I smile back. I approach, like a mummy, toward Beatrice’s bed. I am afraid. Because one tube is over her, and another tube goes directly into her wrist. It enters into the veins, and the needle that wounds Beatrice’s skin lets me get a glance at her red blood. My blood also runs in those veins. My super red blood cells are devouring those white ones of hers, making them red, too. I feel the pain of Beatrice overwhelming me, and I wish it were mine, and she were well. I have to stay in the hospital anyway.
Beatrice is sleeping. She is different from what I remember. She is defenseless. She is pale, a strange blue color encircles her eyes, and I know it isn’t makeup. She continues sleeping. Her arms, resting at her sides, are covered by light blue pajamas. Her hands are delicate and thin. I had never seen her from so close up. She seems like a fairy. She is alone. She is sleeping. I stay there, contemplating her for at least half an hour. And she sleeps. We don’t say anything, but it’s not necessary. I stare at her face intensely to remember every trait. She has a little dimple on the right cheek that makes her look as if she were smiling even when she is sleeping. She doesn’t make any noise. You can’t hear her breathing. She is silent. Luminous as always, like a star in the night. Then, a nurse comes in to check things, and she asks me to leave. I stand up in a rather awkward way in my ceremonious pajamas.
“Do you know her, Mr. Elegant?” the nurse asks me. She is as fat as Simmenthal, potted meat all compressed into gelatin, all bouncy because of the joke she has just made. I remain silent a second and then answer with a broad smile, “Yes, she is my girlfriend. In order to be near her, I had to break an arm. … ”

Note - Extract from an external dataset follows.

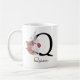 Caneca De Café Monograma Rosa Boho Menina Floral Inicial Q

The chubby nurse holds back something more than a smile, which I don’t know how to define. … Before leaving, I give Beatrice a caress. I don’t wake her, but upon her awakening, I want her to find my caress th
ere on her cheek.
Get better, Beatrice. I have a dream. And I must take you along with me.
44
I didn’t leave the letter for Beatrice, I forgot all about it, all because of the gelatinous nurse who distracted me. However, maybe the timing wasn’t right. I open the letter to reread it. It’s as if I were reading it to her out loud. Gandalf’s cross falls to the floor. It was in the envelope. It got stuck in the most difficult spot to get to, like only useful things know how to do. I have to almost detach my healthy arm to get it back. I hold it tightly in my hand. Furious, I look at it. He, too, is sleeping. He, too, has the appearance of Beatrice while sleeping. And I understand that even he understands what Beatrice is experiencing, because he looks like he has gone through it, too.
Why do good people, supposing that you exist, have to suffer? Of course, you don’t answer. I don’t know if you exist. But, if you do and if you make miracles, make one for me: make Beatrice get better. If you do, I will begin to believe in you. Agreed?
45
I have spent the whole day sitting in bed. With the microscope of my memory, I keep going over the sleeping face of Beatrice. I have snuggled to the dimple on her right cheek and I stayed there for hours, like a newborn in the cradle, or, like when I was a child and would color in those unbearable black-and-white albums. The world could be seen better that way; it seemed I could hear the silence without being afraid of it and touch the darkness. It was as if my benumbed senses could now stretch out after a long sleep. In this manner, the hours slipped away without me realizing it. Not like the TV. Because I’m not tired now; I could start all over again.